Одной из таких основ становится для «лириков» окружающая природа, традиционная культура. Их можно назвать наследниками другого выдающего русского поэта ХХ века, С.А. Есенина.

Ведущим представителем «тихой лирики» следует назвать замечательного поэта второй половины ХХ века,

Николая Михайловича Рубцова.

Значительным явлением в литературе семидесятых годов стала та художественная тенденция, которая получила название "тихой лирики". "Тихая лирика" возникает на литературной сцене во второй половине 1960-х годов как противовес "громкой" поэзии "шестидесятников". В этом смысле эта тенденция прямо связана с кризисом "оттепели", который становится очевидным после 1964-го года. "Тихая лирика" представлена, в основном такими поэтами, как Николай Рубцов, Владимир Соколов, Анатолий Жигулин, Анатолий Прасолов, Станислав Куняев, Николай Тряпкин, Анатолий Передреев, Сергей Дрофенко. "Тихие лирики" очень разнятся по характеру творческих индивидуальностей, их общественные позиции далеко не во всем совпадают, но их сближает прежде всего ориентация на определенную систему нравственных и эстетических координат.

Публицистичности "шестидесятников" они противопоставили элегичность, мечтам о социальном обновлении - идею возвращения к истокам народной культуры, нравственно-религиозного, а не социально-политического обновления, традиции Маяковского - они предпочли традицию Есенина (такая ограничительная бинарная оппозиция, как "Маяковский-Есенин", вообще была характерна для "оттепельных" пристрастий: аналогичные размежевания касались Ахматовой и Цветаевой, Евтушенко и Вознесенского, физиков и лириков, и т. п.); образам прогресса, научно-технической революции, новизны и западничества "тихие лирики" противопоставили традиционную эмблематику Руси, легендарные и былинные образы, церковные христианские атрибуты и т. п.; экспериментам в области поэтики, эффектным риторическим жестам они предпочли подчеркнуто "простой" и традиционный стих. Такой поворот сам по себе свидетельствовал о глубоком разочаровании в надеждах, пробужденных "оттепелью". Вместе с тем, идеалы и эмоциональный строй "тихой лирики" были гораздо более конформны по отношению к надвигающемуся "застою", чем "революционный романтизм" шестидесятников. Во-первых, в "тихой лирике" социальные конфликты как бы интровертировались, лишаясь политической остроты и публицистической запальчивости. Во-вторых, общий пафос консерватизма, т. е. сохранения и возрождения, более соответствовал "застою", чем шестидесятнические мечты об обновлении, о революции духа. В целом, "тихая лирика" как бы вынесла за скобки такую важнейшую для "оттепели" категорию, как категория свободы, заменив ее куда более уравновешенной категорией традиции. Разумеется, в "тихой лирике" присутствовал серьезный вызов официальной идеологии: под традициями "тихие лирики" и близкие им "деревенщики" понимали отнюдь не революционные традиции, а наоборот, разрушенные социалистической революцией моральные и религиозные традиции русского народа.

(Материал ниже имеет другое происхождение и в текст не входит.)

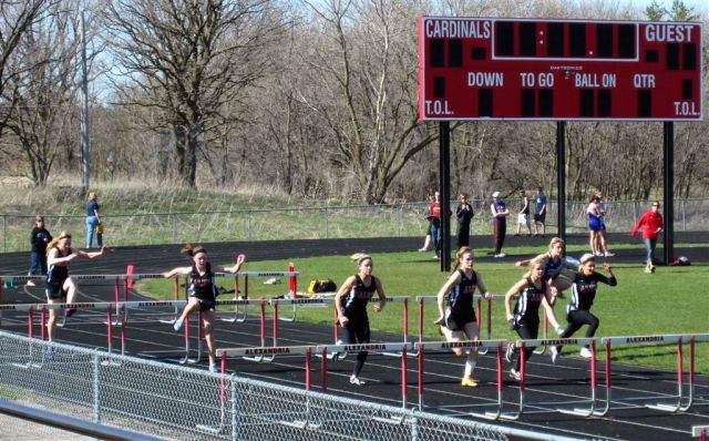 I had not been to a track meet probably since my days at the “U,” some 45 years ago. They are busy, with a lot of stuff going on, often at points distant from the viewing area. I tried my best, with assists from fellow fans, Carol and Dave Dittberner, whose grandkids, Julia and Will Sieling, are middle distance runners, to follow all our “known” athletes from the hockey and basketball teams – not always successfully. The hockey team was represented by Britni DelCastillo, Shanee Herd, Becca Illies, and Shelby Iverson; the basketball team by Alli Haar and Joie Warnes (with apologies to those I missed). I found the whole event to be quite exhilarating.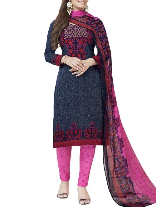 blue crepe unstitched churidaar suit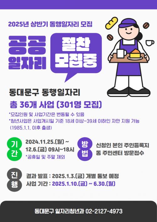 µ¿´ë¹®±¸, 2025³â »ó¹Ý±â µ¿ÇàÀÏÀÚ¸®»ç¾÷ Âü¿©ÀÚ ¸ðÁý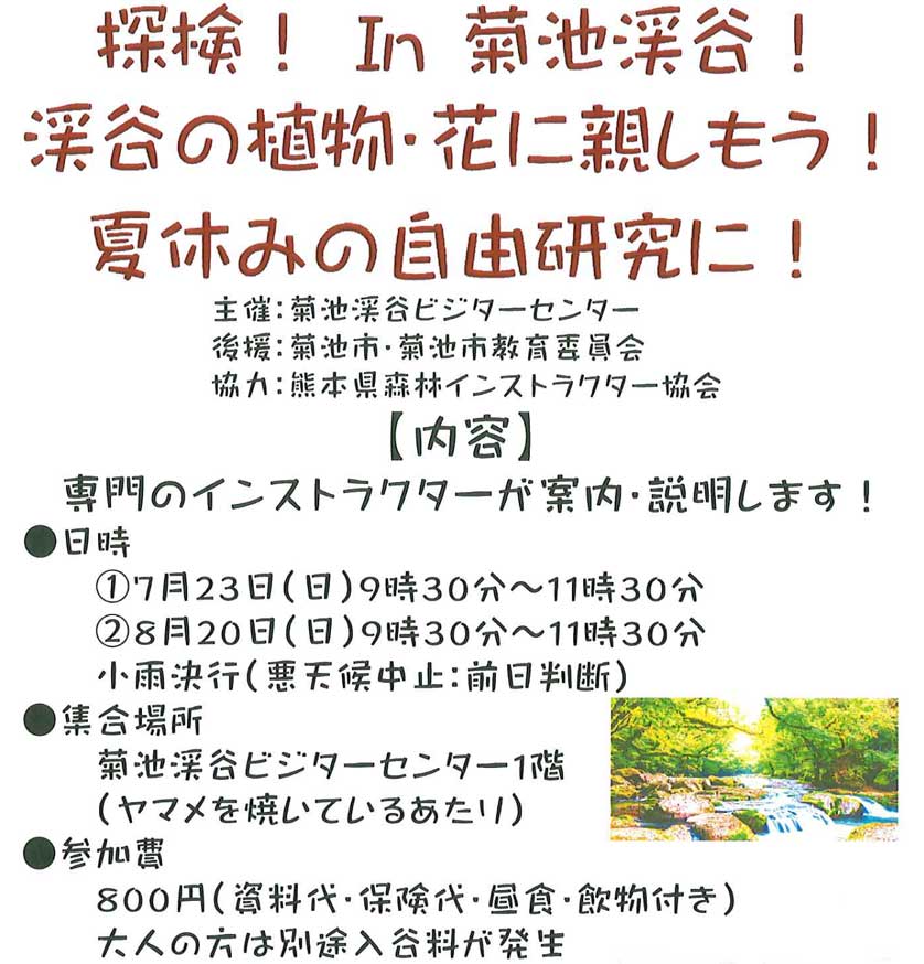 How to apply: Send by mail to the Kikuchi Valley Visitor Center (separate application form available)

Роль лидера "тихой лирики" досталась рано погибшему Николаю Рубцову (1936-1971). Сегодня оценки Рубцова группируются вокруг двух полярных крайностей: "великий национальный поэт", с одной стороны, и "придуманный поэт", "псевдокрестьянский Смердяков", с другой. Было бы, разумеется, несправедливым объявить Рубцова всего лишь монотонным эпигоном Есенина, возведенным в сан гения усилиями критиков. Вместе с тем, даже рьяные поклонники Рубцова, говоря о его поэзии, неизменно уходят от серьезного анализа в измерение сугубо эмоциональное: "Образ и слово играют в поэзии Рубцова как бы вспомогательную роль, они служат чему-то третьему, возникающему из их взаимодействия" (В. Кожинов), "Рубцов словно бы специально пользуется неточными определениями... Что это? Языковая небрежность? Или это поиск подлинного, соответствующего стиховой ситуации смысла, освобождение живой души из грамматико-лексических оков?" (Н. Коняев). В отличие от "поэтов-шестидесятников", Рубцов совершенно игнорирует традиции поэзии модернизма. Он почти полностью освобождает свои стихи от сложной метафоричности, перенося главный акцент на напевную интонацию, достигающую подчас высоких пронзительных нот. Его поэзия стала весомым аргументом в пользу традиционности (в противовес - эксперименту, новизне).

Причем, интересно, что традиция, в которую Рубцов "встраивал" свое творчество, соединяя фольклорную песню (Рубцов нередко исполнял свои стихи под гитару или под гармошку), поэзию Тютчева, Фета, Полонского, Блока и, конечно, Есенина, выглядела весьма избирательно. Этот ряд постоянно перебирается в статьях и мемуарах о Рубцове. В самом "наборе" ориентиров звучал вызов: натурфилософы Тютчев и Фет поднимаются на знамя в противовес официально залакированному "социальному" Некрасову, "мистик" Блок и "упадочник" Есенин - в противовес официальному "поэту социализма" Маяковскому.

Но здесь упущено еще одно, может быть, самое существенное звено: между Блоком и Есениным располагалась так называемая "новокрестьянская поэзия", представленная в первую очередь Николаем Клюевым и Сергеем Клычковым: "тихая лирика" вообще и Рубцов в частности подключаются именно к этой оборванной тенденции, принимая из рук "новокрестьянских поэтов" такие качества, как религиозный культ природы, изображение крестьянской избы как модели мира, полемическое отталкивание от городской культуры, живой интерес к сказочному, легендарному, фольклорному пласту культуры.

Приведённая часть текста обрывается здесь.